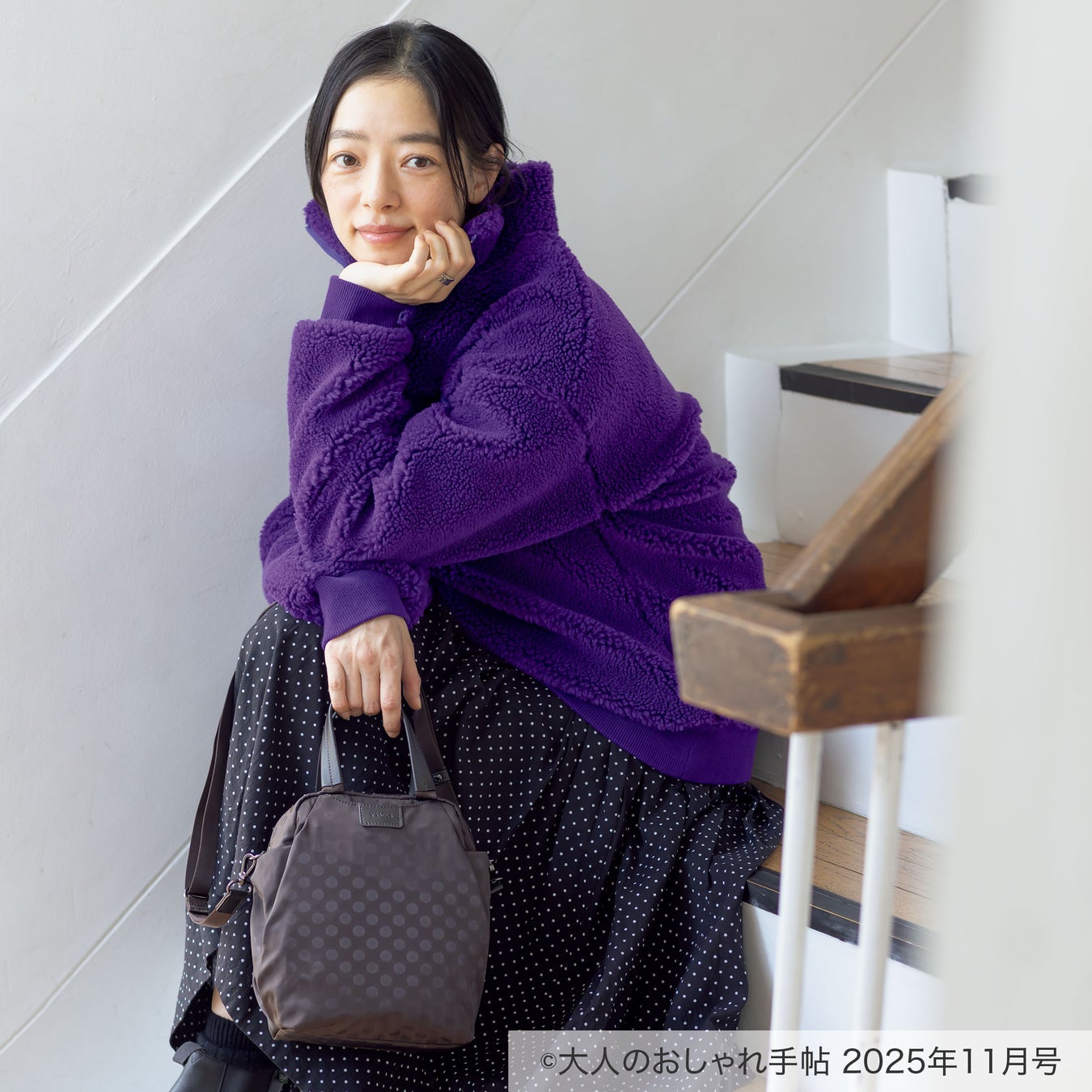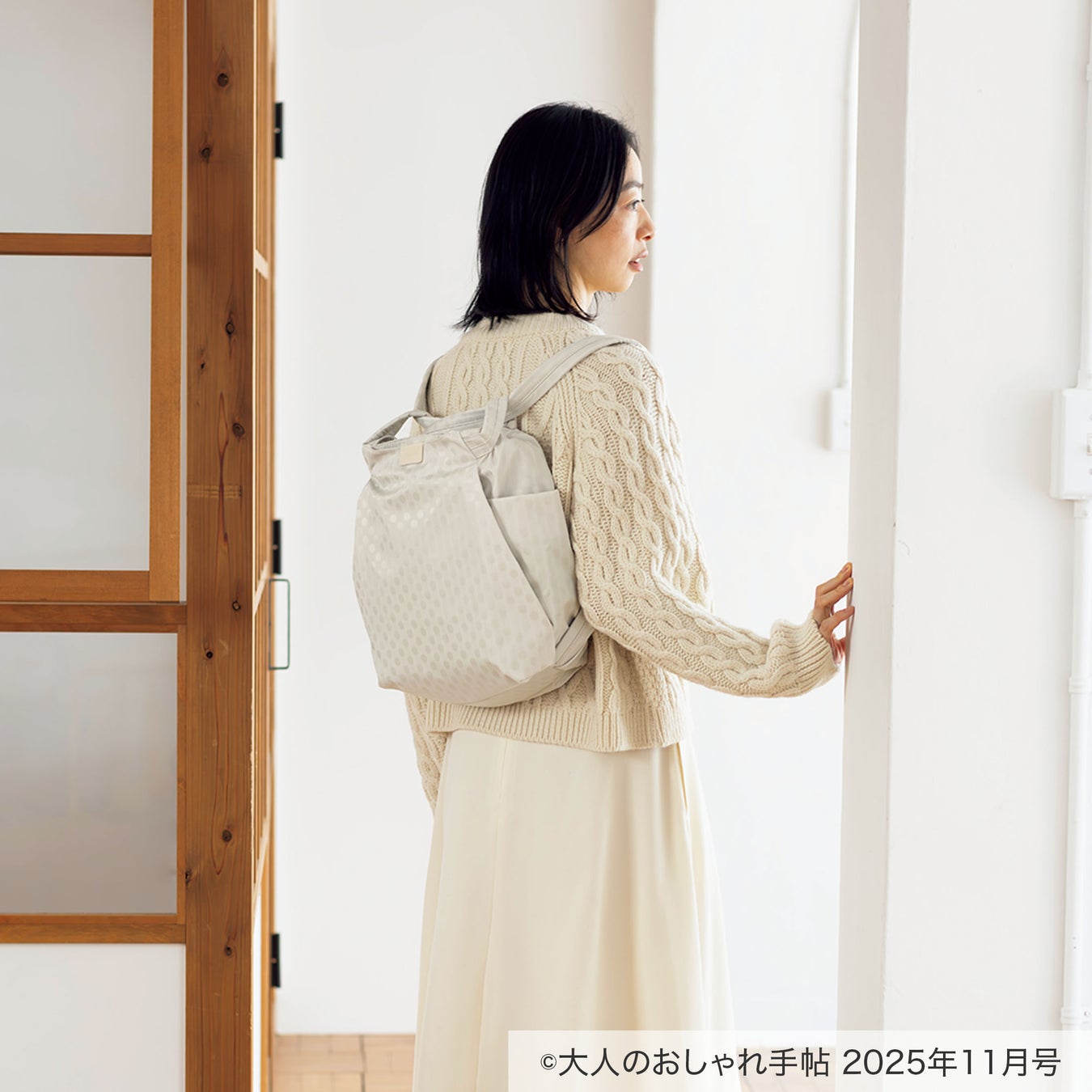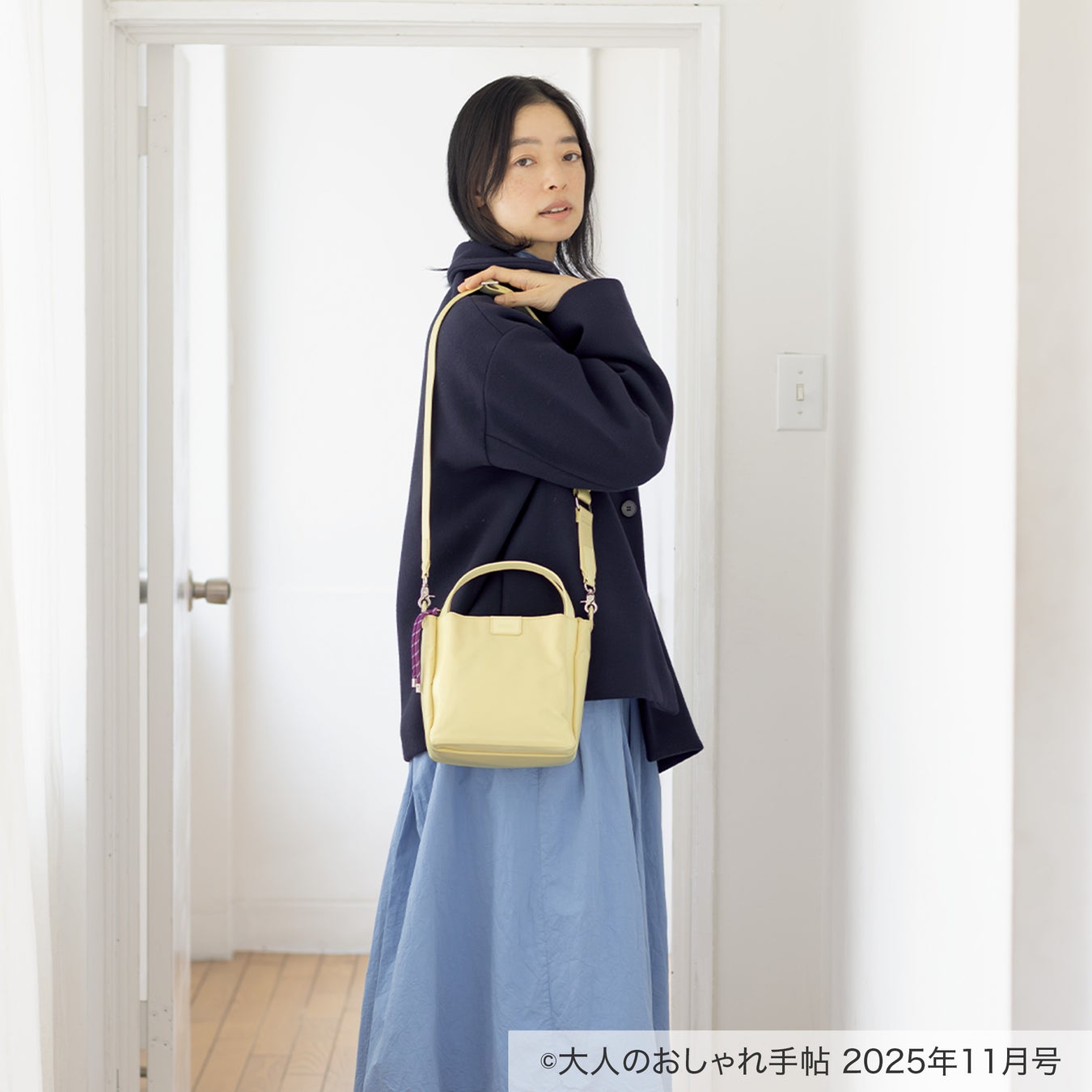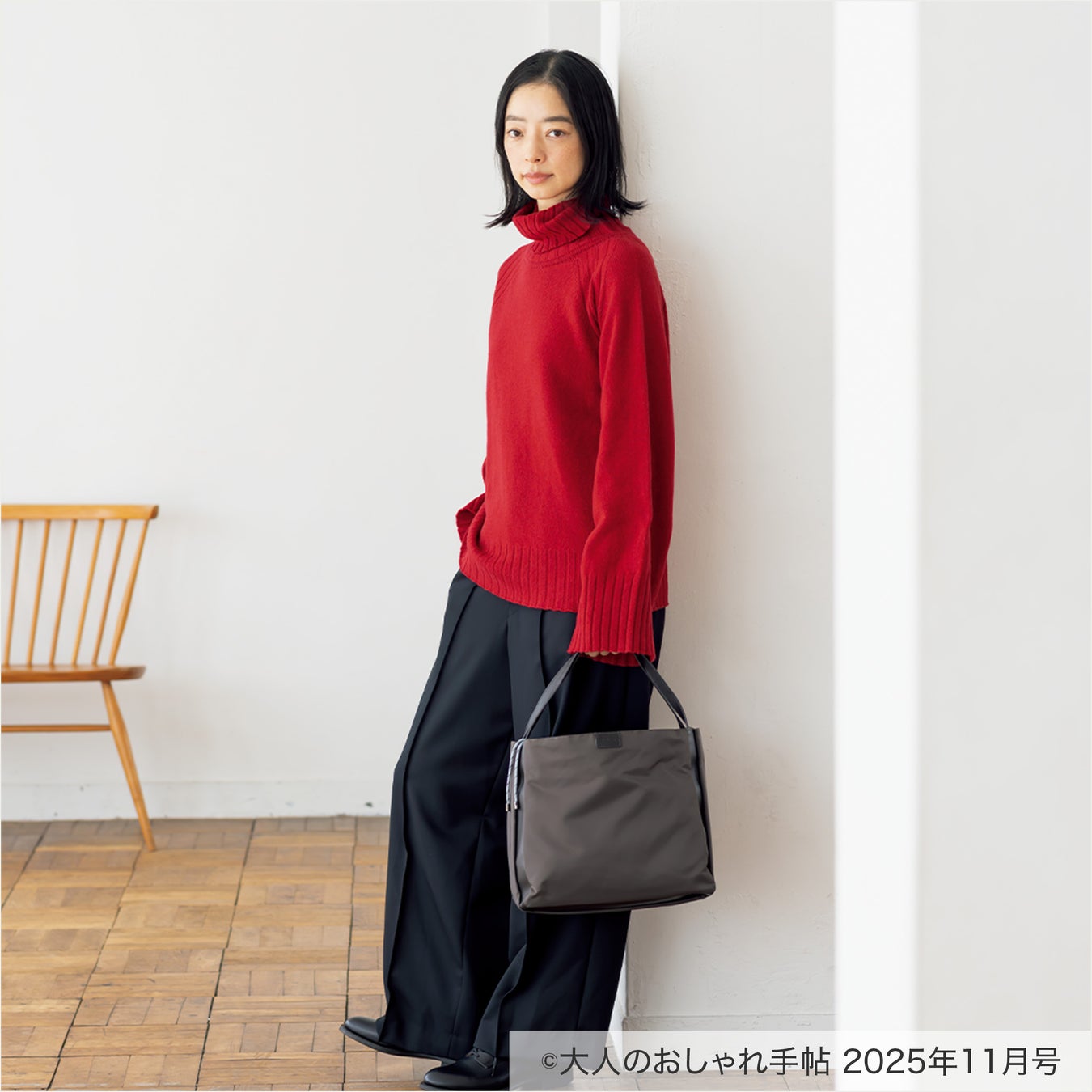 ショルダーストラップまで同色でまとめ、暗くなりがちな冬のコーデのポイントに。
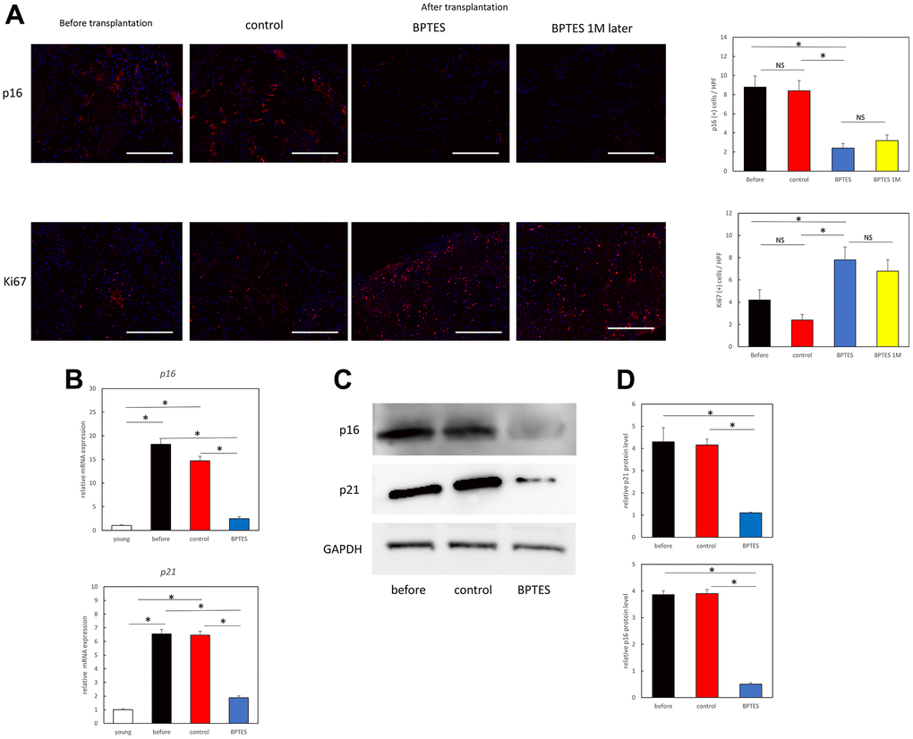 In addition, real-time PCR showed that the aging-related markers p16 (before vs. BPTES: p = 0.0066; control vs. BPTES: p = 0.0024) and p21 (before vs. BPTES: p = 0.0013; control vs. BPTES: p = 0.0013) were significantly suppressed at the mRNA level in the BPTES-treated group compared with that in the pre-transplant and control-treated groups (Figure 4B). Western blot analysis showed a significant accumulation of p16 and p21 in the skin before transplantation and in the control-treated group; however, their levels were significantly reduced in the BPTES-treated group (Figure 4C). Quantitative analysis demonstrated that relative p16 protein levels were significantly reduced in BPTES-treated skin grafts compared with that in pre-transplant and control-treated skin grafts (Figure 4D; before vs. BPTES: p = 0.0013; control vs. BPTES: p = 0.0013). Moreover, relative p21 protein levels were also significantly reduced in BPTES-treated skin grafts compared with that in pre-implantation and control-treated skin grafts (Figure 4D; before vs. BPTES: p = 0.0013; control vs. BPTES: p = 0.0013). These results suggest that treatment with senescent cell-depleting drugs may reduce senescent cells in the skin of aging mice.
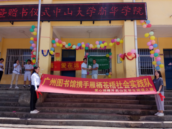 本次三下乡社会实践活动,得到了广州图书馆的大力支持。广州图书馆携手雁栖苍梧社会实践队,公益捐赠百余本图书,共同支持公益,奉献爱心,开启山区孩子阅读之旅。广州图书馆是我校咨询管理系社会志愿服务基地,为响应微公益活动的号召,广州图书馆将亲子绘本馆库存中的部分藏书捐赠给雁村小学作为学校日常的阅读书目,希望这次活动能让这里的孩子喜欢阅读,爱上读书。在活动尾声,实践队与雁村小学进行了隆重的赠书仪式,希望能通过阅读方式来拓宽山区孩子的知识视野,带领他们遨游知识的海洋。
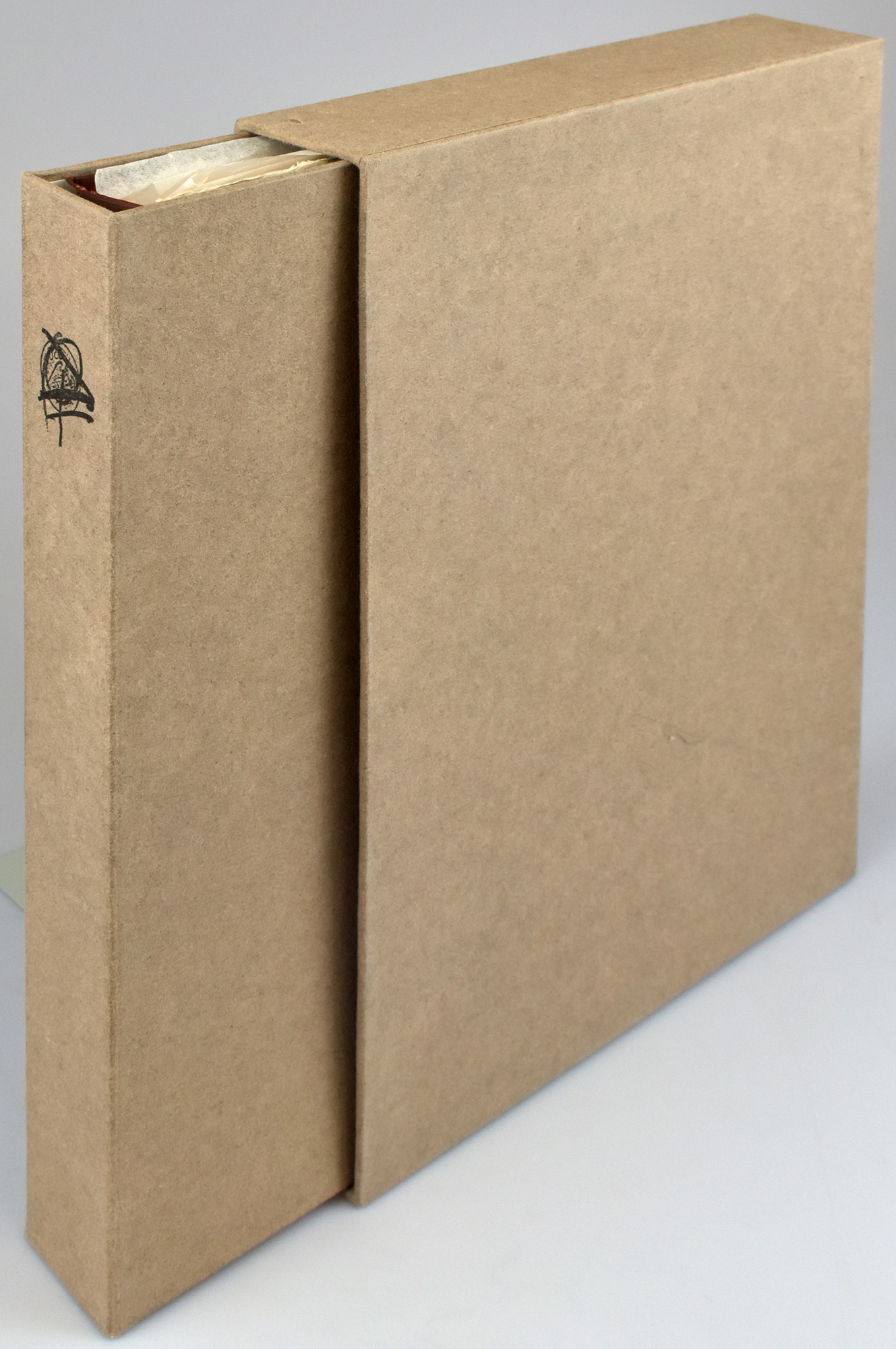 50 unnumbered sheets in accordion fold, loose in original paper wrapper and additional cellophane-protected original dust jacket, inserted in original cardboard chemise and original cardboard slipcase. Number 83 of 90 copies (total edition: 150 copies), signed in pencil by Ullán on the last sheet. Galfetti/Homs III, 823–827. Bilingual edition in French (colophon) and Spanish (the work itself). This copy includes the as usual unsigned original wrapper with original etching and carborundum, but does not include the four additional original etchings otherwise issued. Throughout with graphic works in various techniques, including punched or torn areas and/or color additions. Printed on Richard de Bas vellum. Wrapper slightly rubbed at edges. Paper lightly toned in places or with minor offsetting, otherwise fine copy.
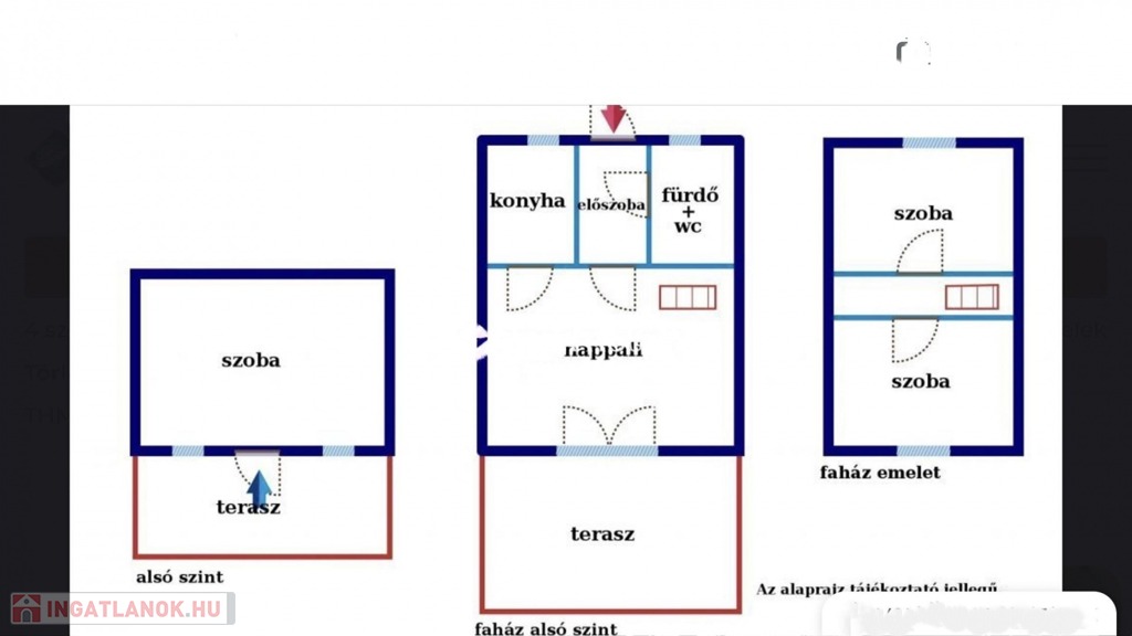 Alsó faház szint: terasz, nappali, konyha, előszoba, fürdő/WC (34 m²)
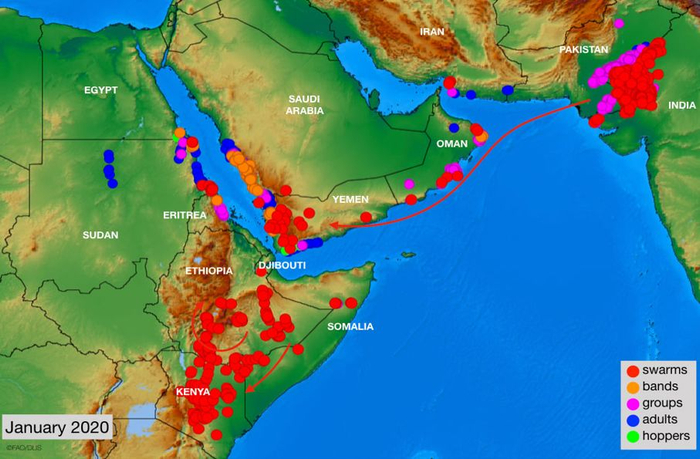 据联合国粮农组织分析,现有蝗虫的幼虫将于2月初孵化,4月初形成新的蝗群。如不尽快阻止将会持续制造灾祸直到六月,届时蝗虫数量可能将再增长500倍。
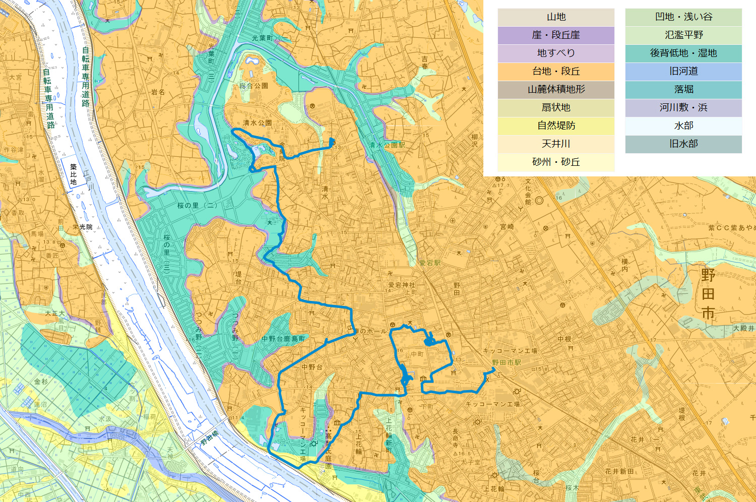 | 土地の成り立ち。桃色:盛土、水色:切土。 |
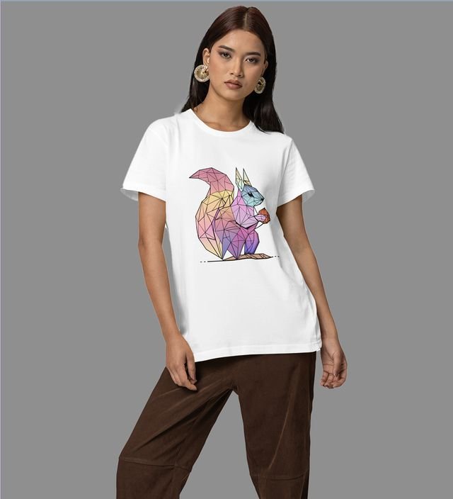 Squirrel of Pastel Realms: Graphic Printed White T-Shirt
= = = = = = =
_What you will do_. Pictures appear in the records above. Output everything except them, exactly.

_Result below_.
 ショルダーストラップまで同色でまとめ、暗くなりがちな冬のコーデのポイントに。
 In addition, real-time PCR showed that the aging-related markers p16 (before vs. BPTES: p = 0.0066; control vs. BPTES: p = 0.0024) and p21 (before vs. BPTES: p = 0.0013; control vs. BPTES: p = 0.0013) were significantly suppressed at the mRNA level in the BPTES-treated group compared with that in the pre-transplant and control-treated groups (Figure 4B). Western blot analysis showed a significant accumulation of p16 and p21 in the skin before transplantation and in the control-treated group; however, their levels were significantly reduced in the BPTES-treated group (Figure 4C). Quantitative analysis demonstrated that relative p16 protein levels were significantly reduced in BPTES-treated skin grafts compared with that in pre-transplant and control-treated skin grafts (Figure 4D; before vs. BPTES: p = 0.0013; control vs. BPTES: p = 0.0013). Moreover, relative p21 protein levels were also significantly reduced in BPTES-treated skin grafts compared with that in pre-implantation and control-treated skin grafts (Figure 4D; before vs. BPTES: p = 0.0013; control vs. BPTES: p = 0.0013). These results suggest that treatment with senescent cell-depleting drugs may reduce senescent cells in the skin of aging mice.
 本次三下乡社会实践活动,得到了广州图书馆的大力支持。广州图书馆携手雁栖苍梧社会实践队,公益捐赠百余本图书,共同支持公益,奉献爱心,开启山区孩子阅读之旅。广州图书馆是我校咨询管理系社会志愿服务基地,为响应微公益活动的号召,广州图书馆将亲子绘本馆库存中的部分藏书捐赠给雁村小学作为学校日常的阅读书目,希望这次活动能让这里的孩子喜欢阅读,爱上读书。在活动尾声,实践队与雁村小学进行了隆重的赠书仪式,希望能通过阅读方式来拓宽山区孩子的知识视野,带领他们遨游知识的海洋。
 50 unnumbered sheets in accordion fold, loose in original paper wrapper and additional cellophane-protected original dust jacket, inserted in original cardboard chemise and original cardboard slipcase. Number 83 of 90 copies (total edition: 150 copies), signed in pencil by Ullán on the last sheet. Galfetti/Homs III, 823–827. Bilingual edition in French (colophon) and Spanish (the work itself). This copy includes the as usual unsigned original wrapper with original etching and carborundum, but does not include the four additional original etchings otherwise issued. Throughout with graphic works in various techniques, including punched or torn areas and/or color additions. Printed on Richard de Bas vellum. Wrapper slightly rubbed at edges. Paper lightly toned in places or with minor offsetting, otherwise fine copy.
 Alsó faház szint: terasz, nappali, konyha, előszoba, fürdő/WC (34 m²)
 据联合国粮农组织分析,现有蝗虫的幼虫将于2月初孵化,4月初形成新的蝗群。如不尽快阻止将会持续制造灾祸直到六月,届时蝗虫数量可能将再增长500倍。
 | 土地の成り立ち。桃色:盛土、水色:切土。 |
 Squirrel of Pastel Realms: Graphic Printed White T-Shirt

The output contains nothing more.